_Task description_. Your task is to print all of the data below exactly, with no pictures included.

_Material provided_.

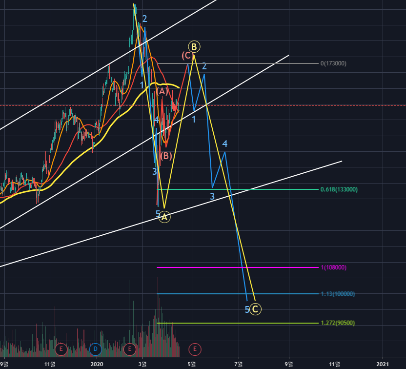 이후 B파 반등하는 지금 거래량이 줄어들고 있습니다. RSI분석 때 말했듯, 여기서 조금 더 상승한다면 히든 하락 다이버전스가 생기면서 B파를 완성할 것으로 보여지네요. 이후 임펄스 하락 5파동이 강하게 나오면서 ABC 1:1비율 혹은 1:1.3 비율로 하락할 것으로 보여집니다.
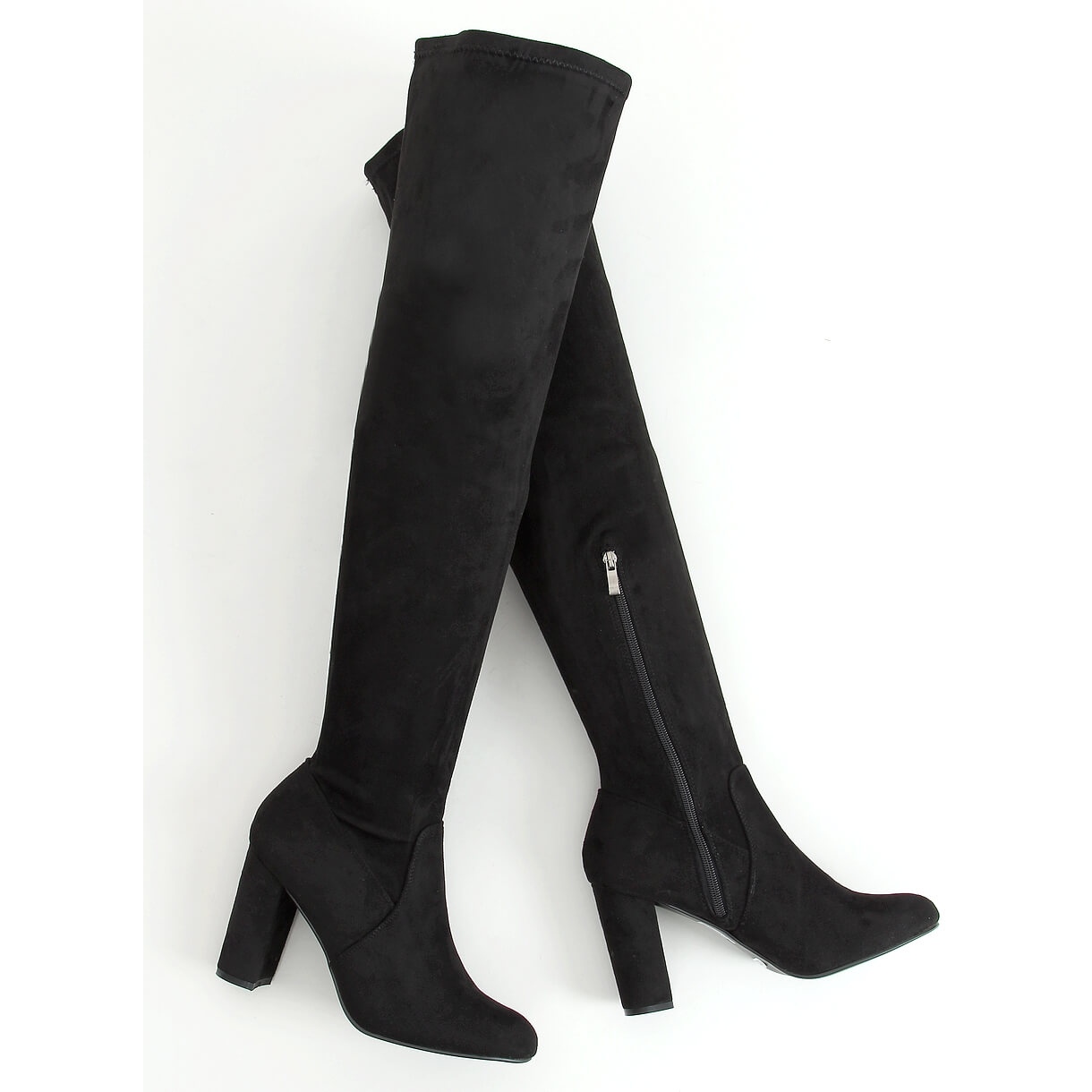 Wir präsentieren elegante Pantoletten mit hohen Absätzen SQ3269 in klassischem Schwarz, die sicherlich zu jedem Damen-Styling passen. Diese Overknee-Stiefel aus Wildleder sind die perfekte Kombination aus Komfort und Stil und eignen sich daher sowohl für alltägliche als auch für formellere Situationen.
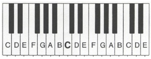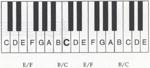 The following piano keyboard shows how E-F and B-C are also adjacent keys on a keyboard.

_Response to this exercise_.
 이후 B파 반등하는 지금 거래량이 줄어들고 있습니다. RSI분석 때 말했듯, 여기서 조금 더 상승한다면 히든 하락 다이버전스가 생기면서 B파를 완성할 것으로 보여지네요. 이후 임펄스 하락 5파동이 강하게 나오면서 ABC 1:1비율 혹은 1:1.3 비율로 하락할 것으로 보여집니다.
 Wir präsentieren elegante Pantoletten mit hohen Absätzen SQ3269 in klassischem Schwarz, die sicherlich zu jedem Damen-Styling passen. Diese Overknee-Stiefel aus Wildleder sind die perfekte Kombination aus Komfort und Stil und eignen sich daher sowohl für alltägliche als auch für formellere Situationen.
 The following piano keyboard shows how E-F and B-C are also adjacent keys on a keyboard.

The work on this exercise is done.